The City Tech classes have helped him deal more efficiently with his current duties, which include planning, purchasing and preparing, Estevez says. At Gracie Mansion, where the mayor often hosts ethnic-themed events, Estevez and his staff of four cooks are called upon to create a variety of melting-pot dishes that celebrate the diversity of the Big Apple’s culinary culture.
“It’s a unique opportunity to work with so many different cuisines,” he said, adding that “we reach out to community chefs, and they help us. I’ve done Irish breakfasts, Italian foods, and during the summertime, we have barbecues. Every week is different.”
Yosses and Estevez are looking forward to many more dinners in their respective, famous kitchens. “I’ve reached my goal, and I’m happy to stay as long as they want me.” Yosses said.
Both Yosses and Estevez are involved with Spoons Across America, a not-for-profit organization founded by City Tech hospitality management alumna and professor Julia Jordan, which provides opportunities for children to learn about food and nutrition through hands-on cooking and baking.
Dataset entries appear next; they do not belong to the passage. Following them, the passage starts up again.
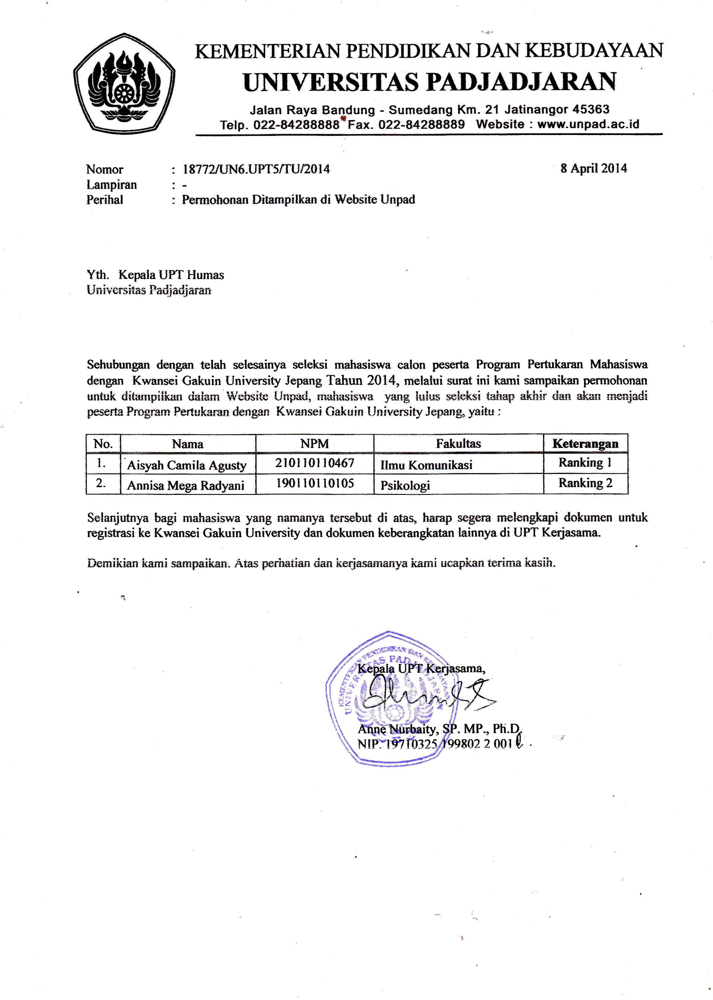 Pengumuman Hasil Akhir Seleksi Program Pertukaran Mahasiswa dengan Kwansei Gakuin University Jepang Kantor Komunikasi Publik 2014-04-10 1 min read 2014-04-10 Share this: Baca 1 menit 347 views Share this: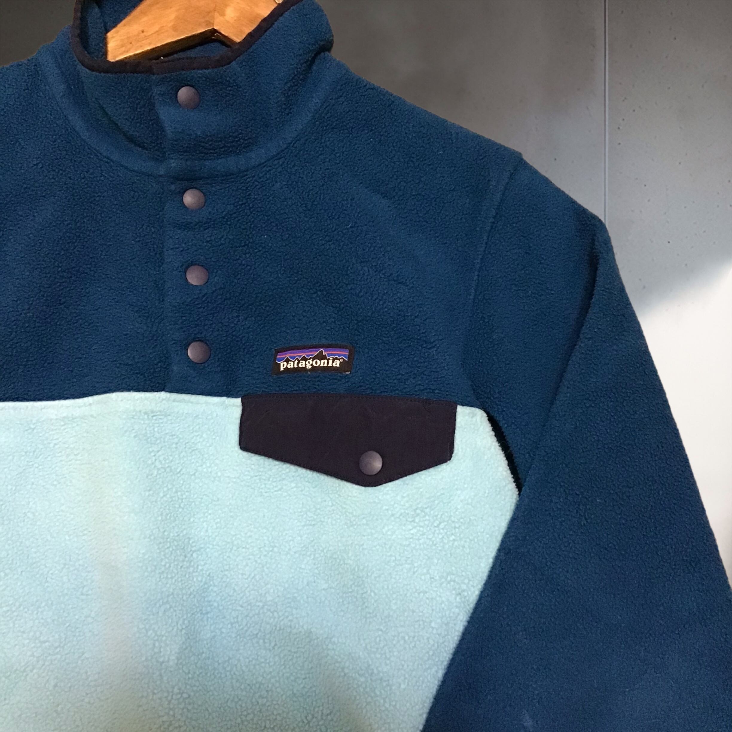 パタゴニアのシンチラスナップT。ブルートーンのカラーがキレイで、暗くなりがちな冬のコーディネートを明るく見せてくれそうです◎コートのインナーとして、ニット代わりに、キレイめなトラッドスタイルにプラスしても可愛いと思います!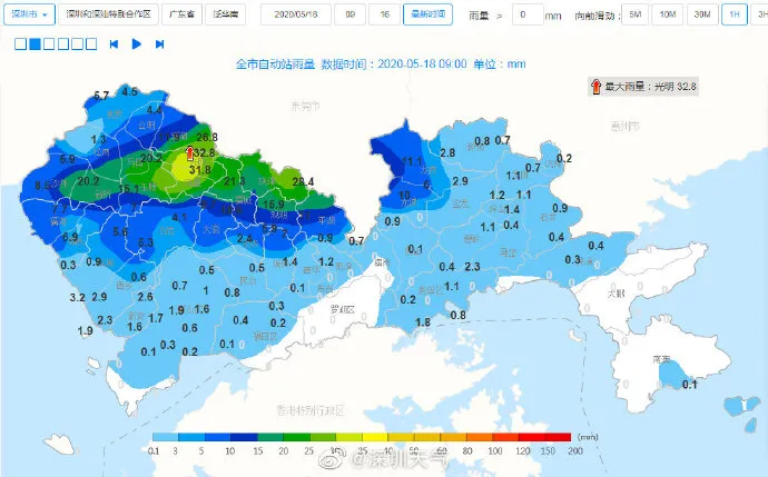 【深圳市分區(qū)暴雨黃色預(yù)警】預(yù)計(jì)福田區(qū),羅湖區(qū),南山區(qū),鹽田區(qū),大鵬新區(qū),西部海區(qū),東部海區(qū),寶安區(qū)(新安、西鄉(xiāng)、航城街道),龍崗區(qū)(南灣、坂田、園山、橫崗、布吉、吉華街道),龍華區(qū)(民治街道)和坪山區(qū)(馬巒、碧嶺街道)1-2小時內(nèi)將出現(xiàn)20-40毫米降水,深圳市氣象臺于2020年05月18日15時50分在上述地區(qū)發(fā)布暴雨黃色分區(qū)預(yù)警,全市進(jìn)入暴雨戒備狀態(tài),請注意防范。

Yosses serves on the board of directors; Estevez, on the board of advisors.
Estevez can’t wait to get his degree, which he hopes to earn in a year. “I wish I could take a full load of classes in each semester, but it’s not possible. I’m too busy in the kitchen,” he said. “One day, I would love to teach cooking, and for that you need credibility. That’s why I want to finish the degree. I want to be prepared for the future.”
The largest public college of technology in New York State, New York City College of Technology of The City University of New York enrolls more than 13,000 students in 57 baccalaureate, associate and specialized certificate programs. Another 15,000 students enroll annually in adult education and workforce development programs, many of which lead to licensure and certification. Located at 300 Jay Street in Downtown Brooklyn, City Tech is at the MetroTech Center academic and commercial complex, convenient to public transportation.